The olfactory stimuli used were three specific essential oils: sweet birch oil (Betula lenta), anise oil (Pimpinella anisum), and clove bud oil (Eugenia caryophyllata). These were 100% pure essential oils of these species, obtained from the manufacturer Lhasa Karnak, Berkeley, CA. These essential oils were chosen because they are the standard stimuli used to train dogs in olfactory orientation. Although clove oil is a trigeminal stimulant and, with extensive or repeated exposure, may have an analgesic effect [30], participants' exposure to this stimulus was minimal and, we believe, below the threshold for such analgesia. We found no differences in performance between the 22 participants exposed to this stimulus and the remaining 23 participants.

Procedure

We measured orientation ability when using different sensory modalities in a within-subjects design, with all participants tested using the same order of conditions. These were: one Test condition, Olfaction (olfactory only, with no visual or auditory access to room stimuli); one Task Validation condition (visual cues only, with no olfactory or auditory access to room stimuli); and one Control condition (with no olfactory, visual or auditory access to room stimuli). Our goal was to compare performance in the Test and Control conditions. In the Test condition, Olfaction, participants were blindfolded and wore earplugs and sound-reducing headphones. In the Task Validation condition, participants wore nose clips, earplugs and sound-reducing headphones. In the Control condition, participants wore all of the sensory covers, blocking olfaction, vision and audition. All participants were tested in the same order of conditions: Test (Olfaction), then Task Validation, then Control, to ensure that the increased familiarity with the room and the procedure would facilitate their performance only in the Control condition and not the Olfaction condition.
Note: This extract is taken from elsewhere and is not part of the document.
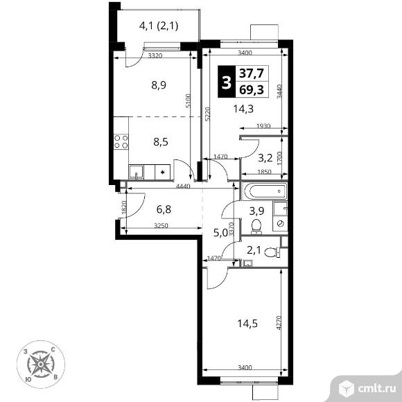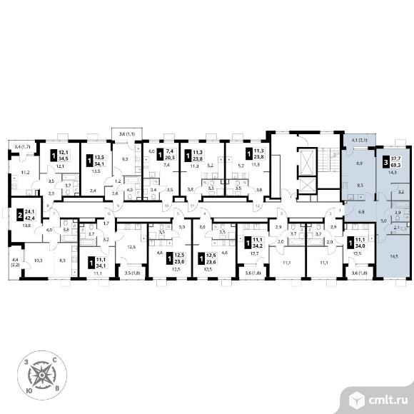 Перейти к актуальным объявлениям рубрики Квартиры. 3-комнатная квартира 69,3 кв.м - ЖК "1-й Шереметьевский"

All three windows and one door to the room were left open before and after testing, for a minimum of 15 minutes between participants, to clear the odors from the room. We ran a manipulation check, separate from actual testing of participants, to verify that the room was cleared of detectable odors after 15 minutes. This check consisted of a research assistant going into the room and either opening or not opening the odorant containers, placed at locations (1,5) and (4,9). After 15 minutes, the containers were closed if they had been open and the door and windows were opened. After an additional 15 minutes, two naïve research assistants entered the room and were asked whether they could smell any odors and whether they believed that the containers had been opened or not. This procedure was repeated three times, with the containers opened the first two times and closed the third time. No assistant reported smelling any odor on any trial. An additional five naïve volunteers were asked to enter the room on the second trial and report on “whether they could smell anything” and all stated that they could not smell any odors. For each of the first two trials, one assistant thought that the containers had been opened and the other thought that they had not been opened. On the third trial, both assistants thought that the containers had not been opened. Fifteen minutes thus appears to be an adequate time to clear the room of detectable odors.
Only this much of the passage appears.